▶ **TASK**: Only the number is wanted: tally the lines below that contain the word "outdoor".

>>

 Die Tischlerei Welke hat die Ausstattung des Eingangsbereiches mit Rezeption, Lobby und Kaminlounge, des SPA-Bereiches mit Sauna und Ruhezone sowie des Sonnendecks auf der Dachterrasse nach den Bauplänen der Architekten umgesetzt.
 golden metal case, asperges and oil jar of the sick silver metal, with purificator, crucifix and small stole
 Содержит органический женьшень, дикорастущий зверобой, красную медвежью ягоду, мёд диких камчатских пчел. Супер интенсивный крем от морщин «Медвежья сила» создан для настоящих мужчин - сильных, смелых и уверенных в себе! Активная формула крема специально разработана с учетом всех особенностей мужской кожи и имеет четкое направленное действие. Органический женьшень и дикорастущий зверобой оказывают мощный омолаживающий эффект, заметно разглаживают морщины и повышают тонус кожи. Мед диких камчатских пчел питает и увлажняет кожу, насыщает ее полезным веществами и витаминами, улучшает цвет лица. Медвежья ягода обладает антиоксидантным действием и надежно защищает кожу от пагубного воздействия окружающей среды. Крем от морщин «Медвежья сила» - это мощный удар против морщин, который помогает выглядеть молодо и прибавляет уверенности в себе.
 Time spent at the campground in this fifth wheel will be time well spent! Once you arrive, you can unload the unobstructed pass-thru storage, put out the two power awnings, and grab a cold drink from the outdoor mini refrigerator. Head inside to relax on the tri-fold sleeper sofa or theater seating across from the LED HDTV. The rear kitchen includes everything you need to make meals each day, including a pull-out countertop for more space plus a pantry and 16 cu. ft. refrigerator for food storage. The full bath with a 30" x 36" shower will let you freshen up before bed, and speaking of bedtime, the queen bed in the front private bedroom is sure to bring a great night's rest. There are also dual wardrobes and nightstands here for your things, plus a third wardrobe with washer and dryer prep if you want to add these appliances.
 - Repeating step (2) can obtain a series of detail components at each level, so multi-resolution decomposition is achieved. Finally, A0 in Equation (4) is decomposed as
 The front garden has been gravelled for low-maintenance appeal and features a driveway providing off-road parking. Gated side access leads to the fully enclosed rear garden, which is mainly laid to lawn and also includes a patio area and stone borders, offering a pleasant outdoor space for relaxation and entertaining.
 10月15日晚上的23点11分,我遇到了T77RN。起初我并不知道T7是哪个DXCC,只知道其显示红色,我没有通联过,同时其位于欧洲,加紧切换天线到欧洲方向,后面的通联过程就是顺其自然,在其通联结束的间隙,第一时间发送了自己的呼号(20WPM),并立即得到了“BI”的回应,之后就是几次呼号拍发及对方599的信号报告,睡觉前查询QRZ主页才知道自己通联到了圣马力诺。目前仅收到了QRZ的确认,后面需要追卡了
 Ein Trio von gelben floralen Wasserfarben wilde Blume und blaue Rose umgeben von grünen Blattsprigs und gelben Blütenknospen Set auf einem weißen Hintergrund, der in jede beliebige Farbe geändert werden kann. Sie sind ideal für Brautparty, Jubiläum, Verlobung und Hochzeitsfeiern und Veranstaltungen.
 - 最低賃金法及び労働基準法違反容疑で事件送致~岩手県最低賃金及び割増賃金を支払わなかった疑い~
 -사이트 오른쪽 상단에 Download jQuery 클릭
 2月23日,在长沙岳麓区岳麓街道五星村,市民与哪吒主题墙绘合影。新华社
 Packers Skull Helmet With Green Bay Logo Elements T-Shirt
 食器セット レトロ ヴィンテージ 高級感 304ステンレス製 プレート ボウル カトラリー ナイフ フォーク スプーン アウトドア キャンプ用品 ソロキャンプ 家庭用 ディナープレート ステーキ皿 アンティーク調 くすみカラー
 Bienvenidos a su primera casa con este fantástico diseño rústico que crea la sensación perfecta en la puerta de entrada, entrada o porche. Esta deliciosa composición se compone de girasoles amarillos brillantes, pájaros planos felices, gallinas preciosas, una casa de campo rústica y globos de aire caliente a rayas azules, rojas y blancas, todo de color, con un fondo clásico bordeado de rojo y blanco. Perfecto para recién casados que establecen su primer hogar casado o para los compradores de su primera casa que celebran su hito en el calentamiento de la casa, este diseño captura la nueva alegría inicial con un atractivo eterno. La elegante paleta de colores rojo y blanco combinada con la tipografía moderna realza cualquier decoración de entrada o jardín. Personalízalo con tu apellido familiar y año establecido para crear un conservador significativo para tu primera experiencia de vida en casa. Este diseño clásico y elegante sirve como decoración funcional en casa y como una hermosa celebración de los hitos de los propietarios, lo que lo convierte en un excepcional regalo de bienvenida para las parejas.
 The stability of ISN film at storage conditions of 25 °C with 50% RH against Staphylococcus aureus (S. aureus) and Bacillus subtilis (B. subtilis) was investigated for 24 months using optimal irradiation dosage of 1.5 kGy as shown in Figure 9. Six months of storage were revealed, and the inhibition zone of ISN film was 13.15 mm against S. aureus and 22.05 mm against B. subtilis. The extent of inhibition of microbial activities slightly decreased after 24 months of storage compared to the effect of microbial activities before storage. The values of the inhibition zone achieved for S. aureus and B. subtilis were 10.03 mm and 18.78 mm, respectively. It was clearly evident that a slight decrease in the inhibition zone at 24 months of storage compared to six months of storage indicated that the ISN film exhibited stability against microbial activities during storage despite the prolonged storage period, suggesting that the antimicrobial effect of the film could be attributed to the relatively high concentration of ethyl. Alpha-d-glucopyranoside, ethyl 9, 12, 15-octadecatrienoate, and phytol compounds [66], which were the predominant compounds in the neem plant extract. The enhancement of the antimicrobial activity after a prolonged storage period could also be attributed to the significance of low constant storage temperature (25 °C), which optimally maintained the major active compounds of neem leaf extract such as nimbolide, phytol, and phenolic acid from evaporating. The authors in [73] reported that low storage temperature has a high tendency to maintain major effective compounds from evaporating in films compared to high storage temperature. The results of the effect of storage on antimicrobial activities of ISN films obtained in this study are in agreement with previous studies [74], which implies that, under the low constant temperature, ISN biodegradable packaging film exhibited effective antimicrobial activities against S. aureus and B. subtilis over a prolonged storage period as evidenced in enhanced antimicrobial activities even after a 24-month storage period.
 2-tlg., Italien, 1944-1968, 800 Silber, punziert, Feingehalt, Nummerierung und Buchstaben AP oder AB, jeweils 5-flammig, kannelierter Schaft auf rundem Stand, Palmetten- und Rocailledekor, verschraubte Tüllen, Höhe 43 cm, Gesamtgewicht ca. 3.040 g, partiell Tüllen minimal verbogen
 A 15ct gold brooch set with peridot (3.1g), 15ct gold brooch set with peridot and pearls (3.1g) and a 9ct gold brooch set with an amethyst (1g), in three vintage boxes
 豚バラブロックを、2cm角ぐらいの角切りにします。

<<

▶ **RESULT OF THE EXERCISE**: 2